Source data:
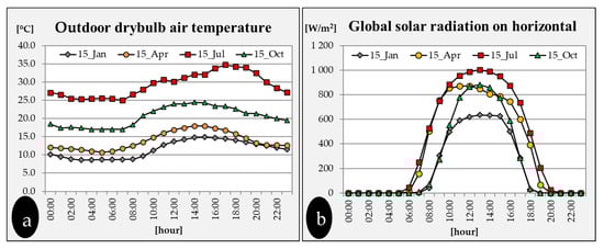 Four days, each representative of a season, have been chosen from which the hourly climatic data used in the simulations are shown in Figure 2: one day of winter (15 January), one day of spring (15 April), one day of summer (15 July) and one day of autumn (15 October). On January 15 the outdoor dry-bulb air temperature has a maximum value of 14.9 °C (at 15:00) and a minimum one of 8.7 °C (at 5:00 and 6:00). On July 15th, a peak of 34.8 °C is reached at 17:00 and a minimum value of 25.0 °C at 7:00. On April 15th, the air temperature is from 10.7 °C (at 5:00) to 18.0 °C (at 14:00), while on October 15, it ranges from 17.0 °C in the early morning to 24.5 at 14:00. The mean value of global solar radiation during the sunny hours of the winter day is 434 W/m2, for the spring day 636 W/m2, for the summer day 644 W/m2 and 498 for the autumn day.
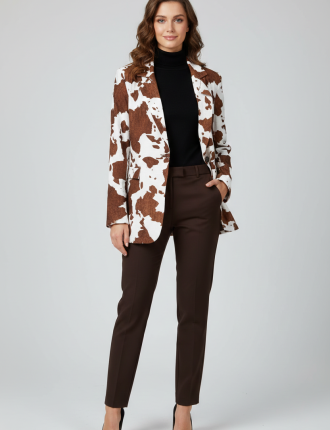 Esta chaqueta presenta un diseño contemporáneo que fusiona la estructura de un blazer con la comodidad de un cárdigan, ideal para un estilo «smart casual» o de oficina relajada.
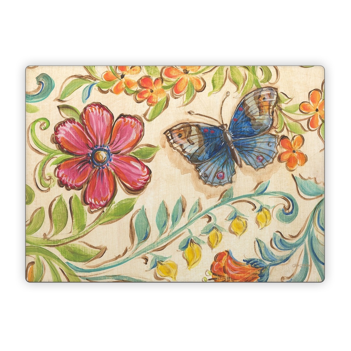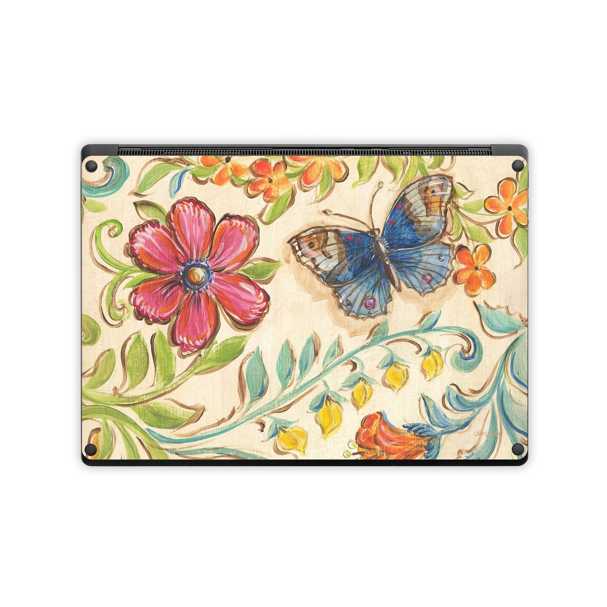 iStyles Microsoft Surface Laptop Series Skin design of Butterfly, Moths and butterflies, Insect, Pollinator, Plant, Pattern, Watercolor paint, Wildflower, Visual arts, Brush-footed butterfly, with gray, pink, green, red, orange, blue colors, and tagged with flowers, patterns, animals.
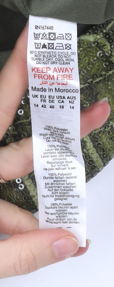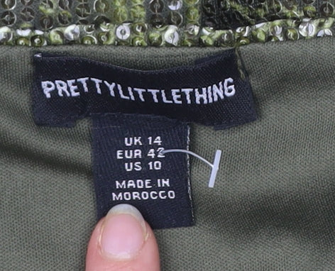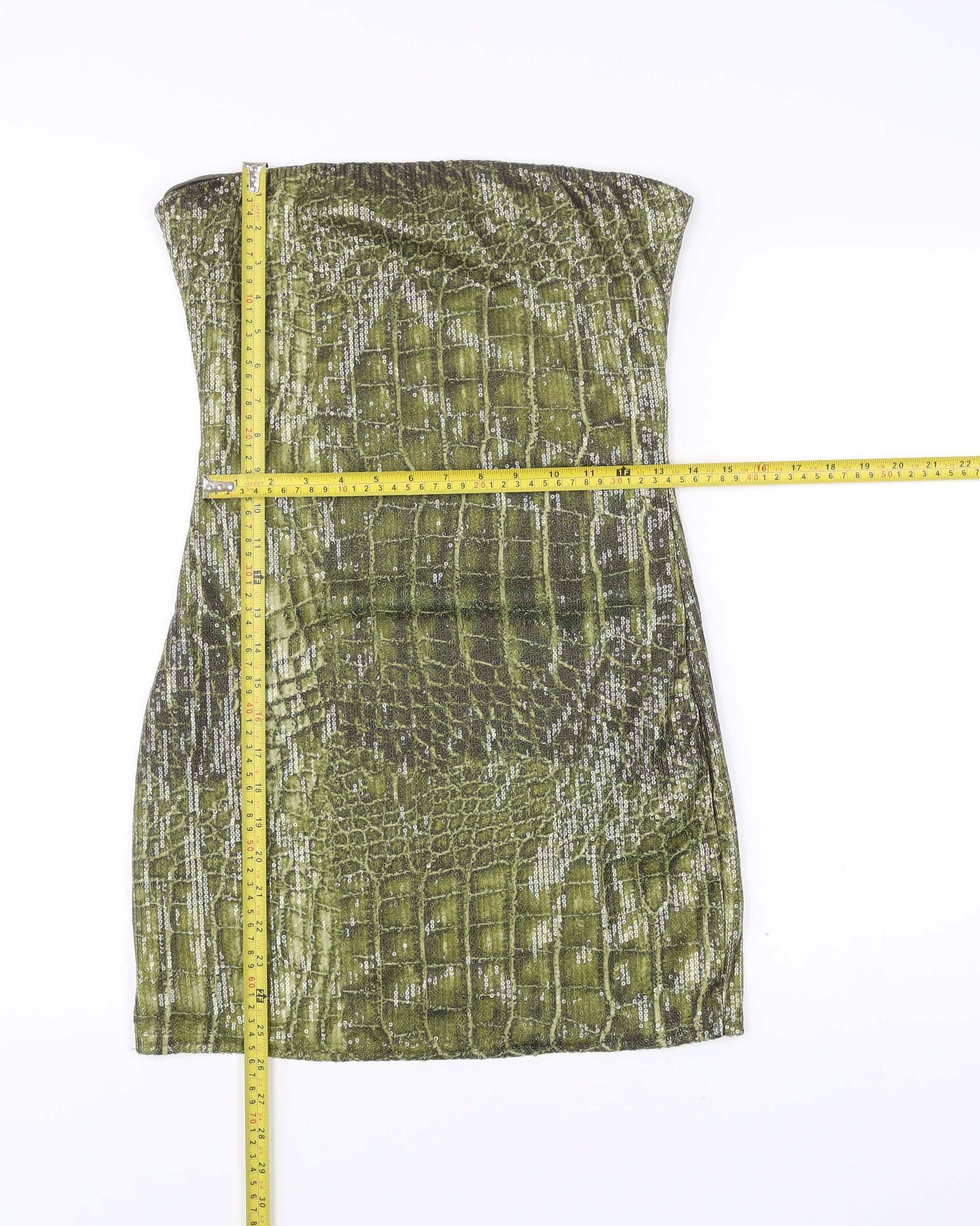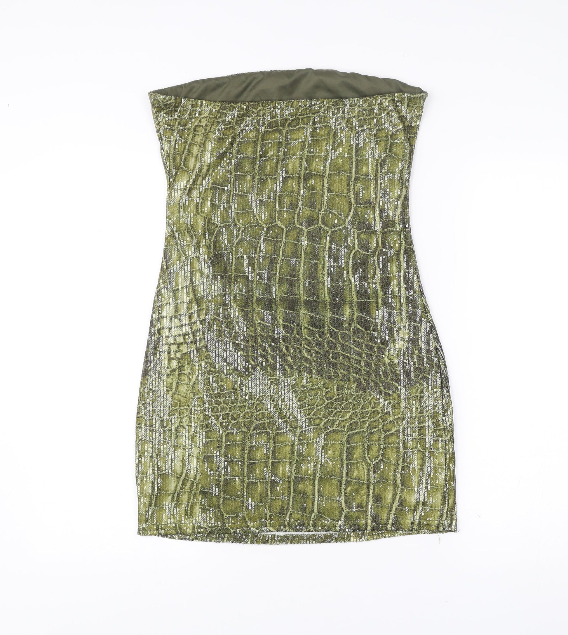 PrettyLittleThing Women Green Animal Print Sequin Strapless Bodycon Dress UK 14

==

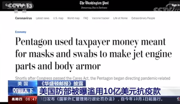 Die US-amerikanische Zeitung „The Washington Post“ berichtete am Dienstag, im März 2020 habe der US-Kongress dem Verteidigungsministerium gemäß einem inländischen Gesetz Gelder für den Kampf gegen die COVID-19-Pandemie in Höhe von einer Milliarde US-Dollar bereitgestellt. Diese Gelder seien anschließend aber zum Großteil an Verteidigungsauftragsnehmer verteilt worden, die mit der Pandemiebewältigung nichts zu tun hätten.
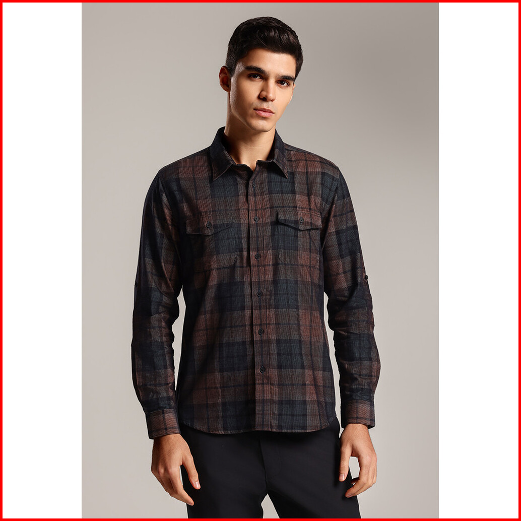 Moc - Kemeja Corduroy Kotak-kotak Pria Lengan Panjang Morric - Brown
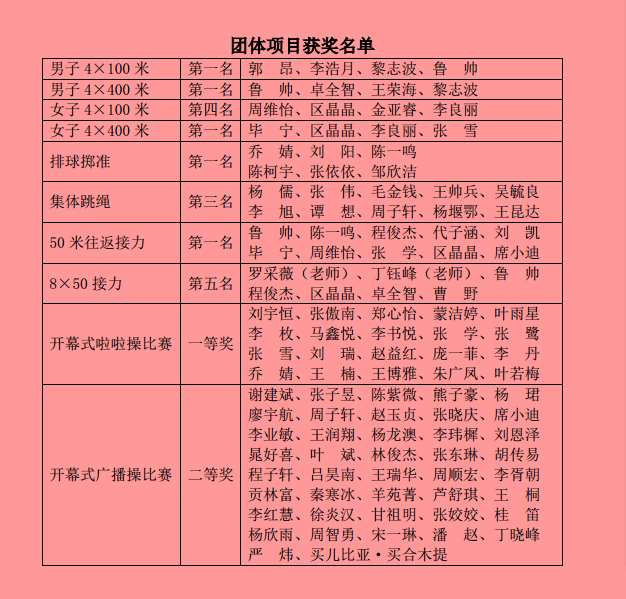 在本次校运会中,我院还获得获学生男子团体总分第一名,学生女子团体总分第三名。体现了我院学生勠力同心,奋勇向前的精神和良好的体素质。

Problem: Your copy should hold the lines from the one with "Moc - Kemeja" up to and including the one with "在本次校运会中,我院还获得获", exactly as in the data above, and no pictures.

Answer space:
 Moc - Kemeja Corduroy Kotak-kotak Pria Lengan Panjang Morric - Brown
 在本次校运会中,我院还获得获学生男子团体总分第一名,学生女子团体总分第三名。体现了我院学生勠力同心,奋勇向前的精神和良好的体素质。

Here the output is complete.